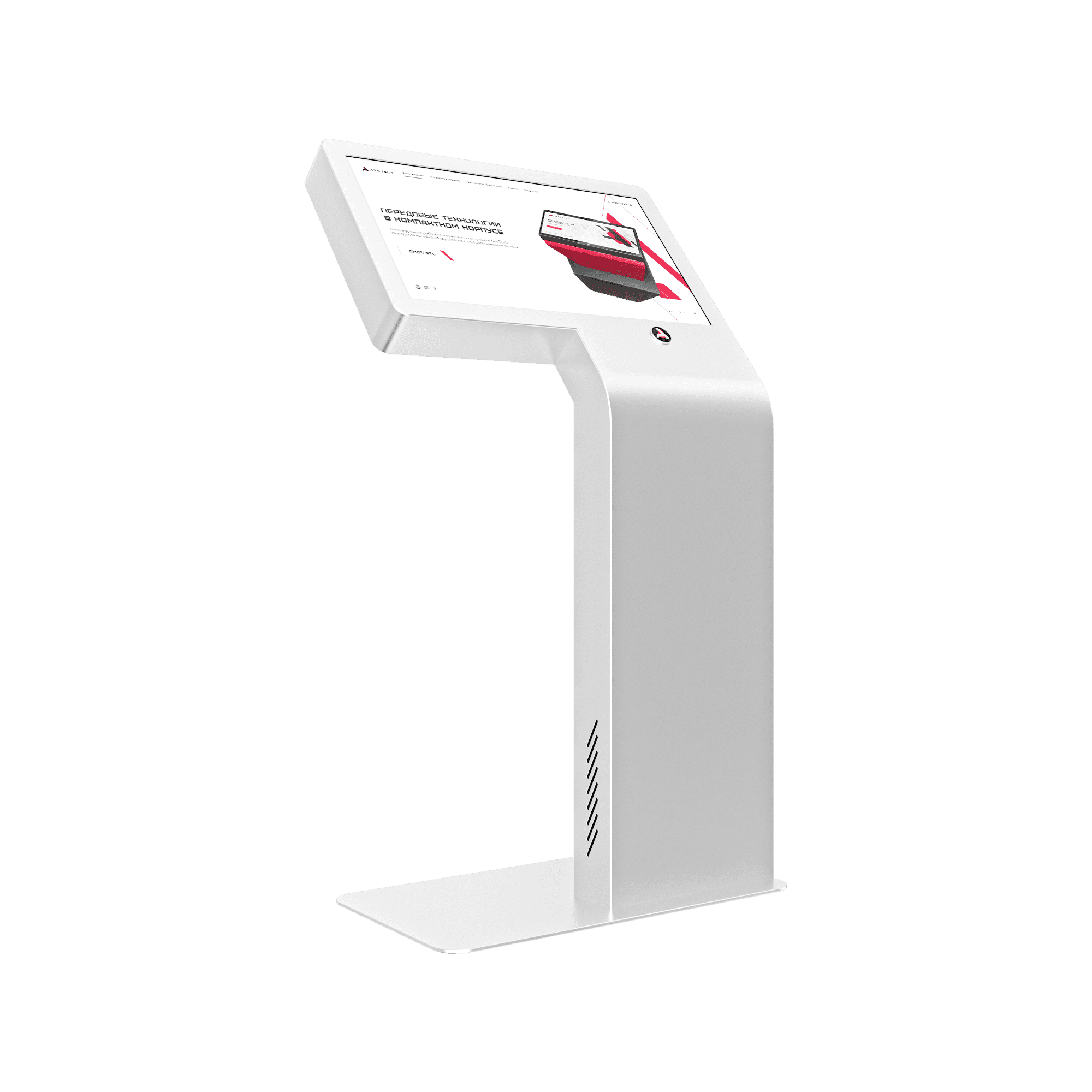 Сенсорный терминал Flex - утонченное и прекрасное решение для мест с ограниченной вместимостью. Благодаря тонкой ножке и компактному размеру диагонали экрана, данная модель идеально впишется в любое пространство. Дизайн прост и лаконичен. Мультитач-система, поддерживающая до 20 одновременных касаний, позволяет моментально найти любую информацию, а также сделать предварительную запись на оказание услуг. Помимо этого, вы можете забрендировать корпус под фирменный стиль вашей компании.
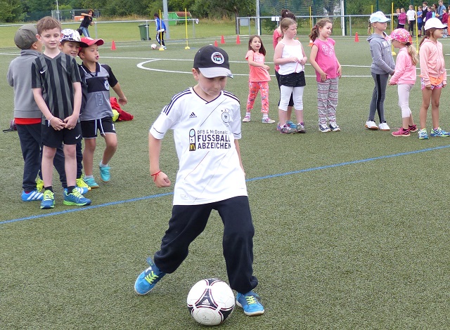 Teilnehmende Schüler konnten auf dem Kleinfeld gegeneinader antreten, sich im Dribbling und Elfmeterschießen üben und im "Fanclub" das Ballheldenlied lernen. Versorgt wurden die Kinder durch Kuchenspenden der Eltern aus Niedernberg und Großwallstadt.
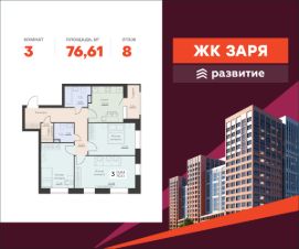 В продаже квартира площадью 76.61 кв. м с черновой отделкой. Квартира расположена на 8 этаже 14 этажного дома, в новом жилом комплексе "Заря" от федерального девелопера "Развитие".

**What is expected**
The required answer is an exact copy of the lines from the one containing "Teilnehmende Schüler konnten" through the last line of the material, with the pictures removed.

**Result for this exercise**
 Teilnehmende Schüler konnten auf dem Kleinfeld gegeneinader antreten, sich im Dribbling und Elfmeterschießen üben und im "Fanclub" das Ballheldenlied lernen. Versorgt wurden die Kinder durch Kuchenspenden der Eltern aus Niedernberg und Großwallstadt.
 В продаже квартира площадью 76.61 кв. м с черновой отделкой. Квартира расположена на 8 этаже 14 этажного дома, в новом жилом комплексе "Заря" от федерального девелопера "Развитие".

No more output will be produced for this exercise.